SAS is a statistical tool that is frequently used in industry, as well as academia. It is especially well-suited to working with large data sets: many operations do not require the entire data set to be read into memory, so analysts are limited only by the size of their hard drive.

Although SAS has powerful tools for cleaning data and preparing it for analysis, users may find that other languages, such as Stata and R, make statistical analysis easier. The documentation for SAS is also harder to use than that of some other languages, such as Stata and Matlab.

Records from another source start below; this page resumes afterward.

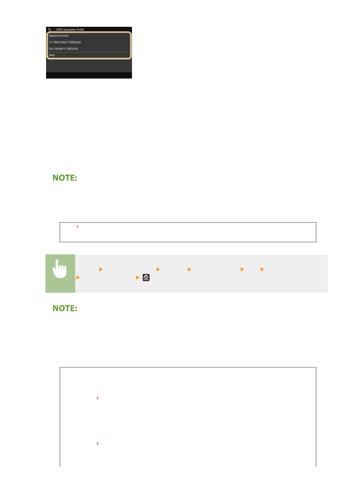 ● Even if <On> is selected, data is printed using only the K (black) toner depending on the setting of <Output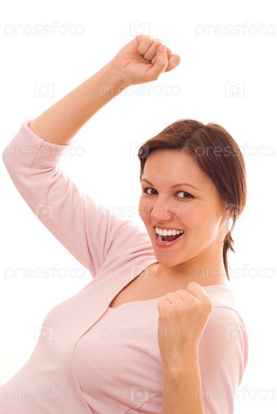 Счастливая женщина в розовом стоит на белом фоне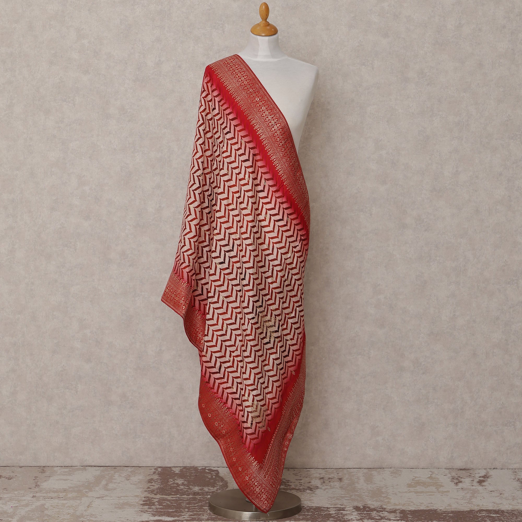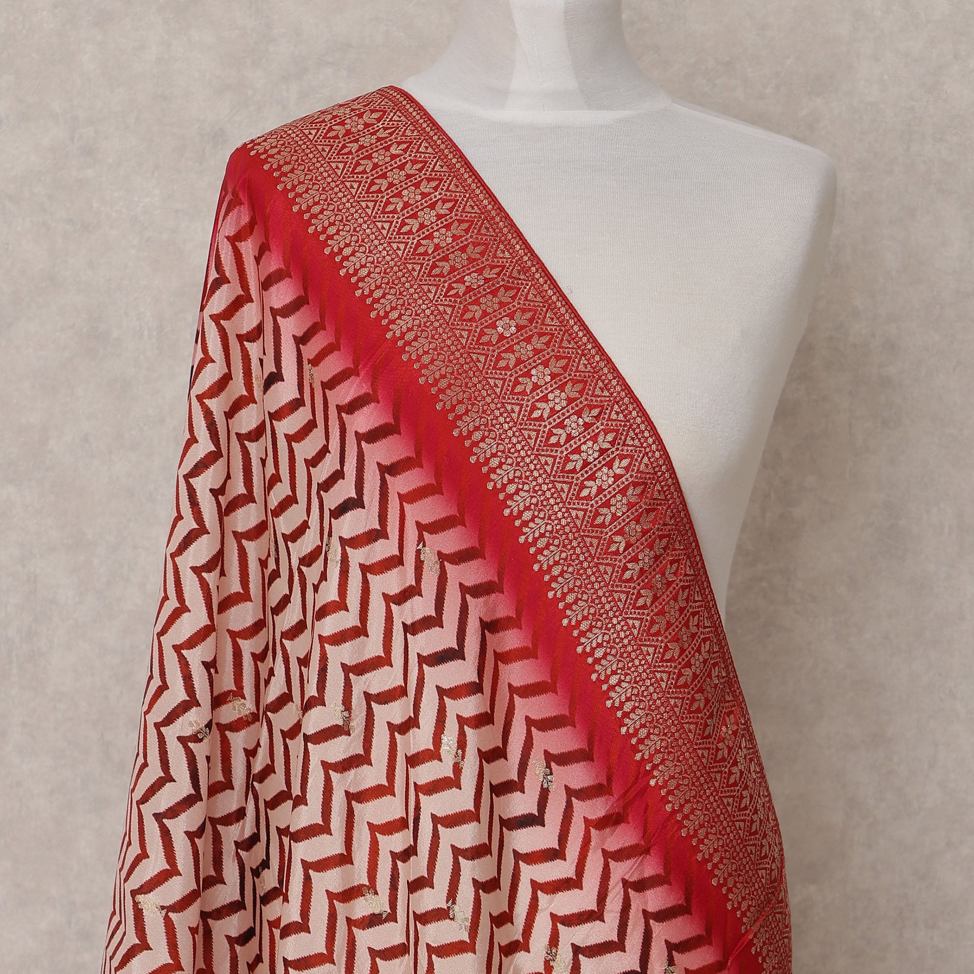 Red and Beige Chevron Pattern Synthetic Brocade Dupatta with Ornate Border, Size 210X90 Cms, India-D24854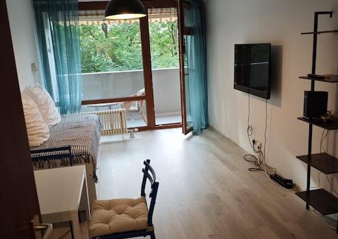1 Zimmer Wohnung , möbliert, mit separater Einbauküche, Bad mit Wanne, Balkon, Tiefgaragenstellplatz. Ein direkter Zugang vom Erdgeschoss, oder die Möglichkeit die Wohnung mit dem Aufzug zu erreichen ( von der Tiefgarage z.B.) Im Gebäude gibt es Schwimmpool und Sauna ( Zugang beim Hausmeister zu beantragen ). Wäschewaschen ist im Waschkeller möglich.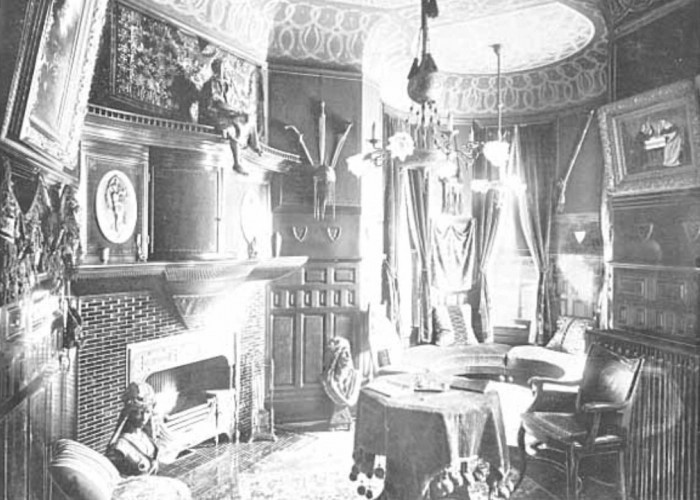 After the division of the estate, Frederick Pillsbury's widow, Alice, and their children lived in the house for the next few years. From this period, we have a photo taken of the interior of the house from around 1893. It depicts a very ornate room, the kind that does come to mind when one thinks of late 19th-century wealth.

Example Code from Each Language

You can get a feel for different environments pretty quickly by looking at example code, although as with any language keep in mind that some things that may seem bizarre or foreign at first can become intuitive with some practice. Here, are code snippets for each language to: open a dataset from a file; create a new variable using existing variables; recode a variable; run a basic OLS regression, and run a slightly more complicated OLS regression. Since presumably you are reading this because you don't yet know these languages, don't worry too much if not everything makes sense -- these snippets are just provided to give you a glimpse of what the languages look like and how readable they are. Comments are included to explain a little of each step.

Stata

   * Open a dataset from a file: 
   use myDataFile.dta
   
   * Create new variable called age_squared equal to each person's age squared: 
   generate age_squared = age*age
   
   * Set variable youngMan values to 1 if male and under 25: 
   replace youngMan = 1 if gender == "male" & age < 25
       
   * Rename a variable from myVariable to myRenamedVariable: 
   rename myVariable myRenamedVariable
       
   * Run an OLS regression of income on age and height:
   regress income age height
    
  * Run an OLS regression of income and age and a categorical variable for level of education for men:
   xi: regress income age i.education if gender == "male"

R

A few examples of R commands:

   # Open a dataset from the file myfile.RData and name it myData: 
   myData <- load("myfile.RData") 
   
   # Create new variable called age_squared equal to each person's age squared: 
   myData$age_squared <- myData$age     # myData$age 
   
   # Set variable youngMan values to 1 if male and under 25: 
   myData$youngMan[gender == "male" & age < 25] <- 1 
   
   # Rename a variable from myVariable to myRenamedVariable: 
   myData <- rename(myData, c(myVariable="myRenamedVariable")) 
   
   # Run an OLS regression of income on age and height:
   olsResults <- lm(income ~ age + height, data = myData) 
   
   # Run an OLS regression of income and age and a categorical variable for level of education:
   myData$educationDummies <- factor(myData$education)
   myData_menOnly <- subset(myData, gender == "male")
   olsResults <- lm(income ~ age + educationDummies, data = myData_menOnly)

Python

A few Python commands (all from the pandas library):

   # Open a dataset from a file (pickle is a file format): 
   myData = pandas.read_pickle('myFile.pkl')
   
   # Create new variable called age_squared equal to each person's age squared: 
   myData['age_squared'] = myData['age'] * myData['age']
   
   # Set variable youngMan values to 1 if male and under 25: 
   myData.loc[(myData['gender'] == "male") & (myData['age'] < 25) ,'youngMan'] = 1
   
   # Rename a variable from myVariable to myRenamedVariable: 
   myData = myData.rename(columns = {'myVariable':'myRenamedVariable'})
   
   # Run an OLS regression of income and age and height:
   from pandas.stats.api import ols
   olsResults = ols(y=myData['income'], x=myData'age','height')
   
   # Run an OLS regression of income and age and a categorical variable for level of education for men:
   from pandas.stats.api import ols
   myData["educationDummies"] = df["education"].astype('category')
   myData_menOnly = myData.query('gender == "male"')
   olsResults = ols(y=myData_menOnly['income'], x=myData_menOnly[  [ 'age','educationDummies' ]  ])

Others

There are a number of other tools you may come across, like SPSS. As this author has limited experience with these tools (and has not found them to be used too frequently among colleagues), I leave this for later expansion.

Side-by-Side

Software Choices
Handles Dirty Data Strong Community Good for Econometrics Good for Other Uses Free?
R So-So Yes Yes Yes Yes
Stata Yes Yes Yes No No
Python / Pandas Yes Small but passionate Yes Yes Yes
Matlab No No Yes No No (But Octave is free)
SAS Yes No So-So No No